Позади нас горы наши,

Нам назад заказан путь…


— Где остальные, чурка одноглазая? Куда они подевались? Говори, сволочь! — выкрикивал парень, но в голосе его не было слышно ни злости, ни раздражения, голос его был скорее насмешливым, издевательским, даже веселым, будто парню этому все равно, куда подевались остальные.

Клацнул затвор.

Мгла качнулась перед глазами Георгия Гоглидзе и отступила.

Не дожидаясь выстрела, он собрал остатки сил, шагнул в бездну и задохнулся бросившейся ему в лицо упругой струей воздуха.

Показалось ему, что летит он не вниз, а вверх, в голубизну неба.

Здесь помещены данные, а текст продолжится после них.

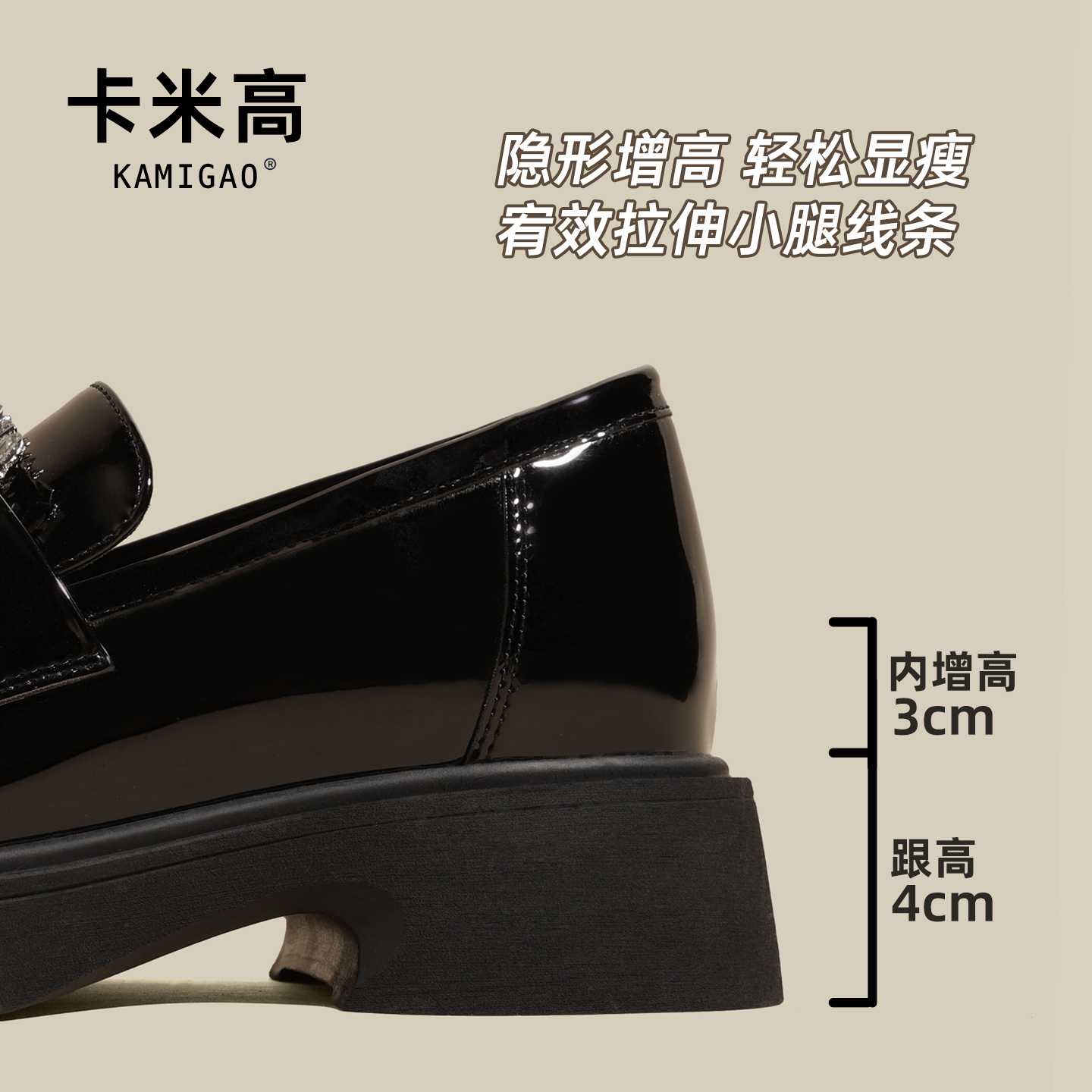 子 黑色厚底百搭小个子通勤皮鞋 7cm内增高乐福单鞋 女2025秋冬新款

Тогда бывший учитель Георгий Тариэлович Гоглидзе закричал и, как распял рот криком восторженного ужаса, так и не закрыл его, пока тело не врезалось в облака, мягкие, как постель в его детской колыбели.

* * *

Когда крик оборвался слабым шлепком, Игарка покачал головой, произнес бесстрастным голосом:

— Однако, шибко плохо, начальник. Каторга лови — хорошо, стреляй — тоже хорошо, кричи — не хорошо. Каторга — тоже люди, однако. Становой каторга кричи, бей; красный начальник каторга кричи, бей. Игарка плохо понимай такой дело.

— А мне сказали, что ты классово сознательный, — усмехнулся Пашка Кривоносов и попытался заглянуть в неподвижные щелочки глаз Игарки, но там ничего, кроме таинственной черноты, не увидел.

Тогда он заговорил тем назидательным тоном, каким говаривал преподаватель политграмоты на курсах младших командиров и каким сам Кривоносов разговаривал с бойцами своего взвода, только теперь он незаметно для себя подстраивался еще и под язык Игарки:

— При царе каторга кто был? Трудящийся народ и революционеры. Понял? А сейчас каторга кто? Враги трудящегося народа и революционеров. То есть пролетариата и мировой революции. Сегодня каторга есть всякие недобитые буржуи и кровопийцы. Чувствуешь разницу? При царе каторга — да, люди. Тут ты прав, и я с тобой полностью согласен. А при советской власти — нелюди, навроде упырей… Нет, есть, конечно, заблуждающиеся там всякие, оступившиеся по темноте и несознательности — мало ли… Но эти-то… эти — заклятые враги. Вот. Я бы им казнь придумывал самую лютую. — Помолчал немного, добавил, вкладывая в слова всю силу своей ненависти: — Они отца моего на костре сожгли… Живьем! А я их жалеть? Нет уж. — Поднялся, подошел к краю пропасти, заглянул вниз, обернулся, спросил: — Спускаться туда долго?

— Не-ет, — мотнул головой Игарка. — Солнце туда ходи, немножко стои, мы туда ходи. — И показал рукой вниз.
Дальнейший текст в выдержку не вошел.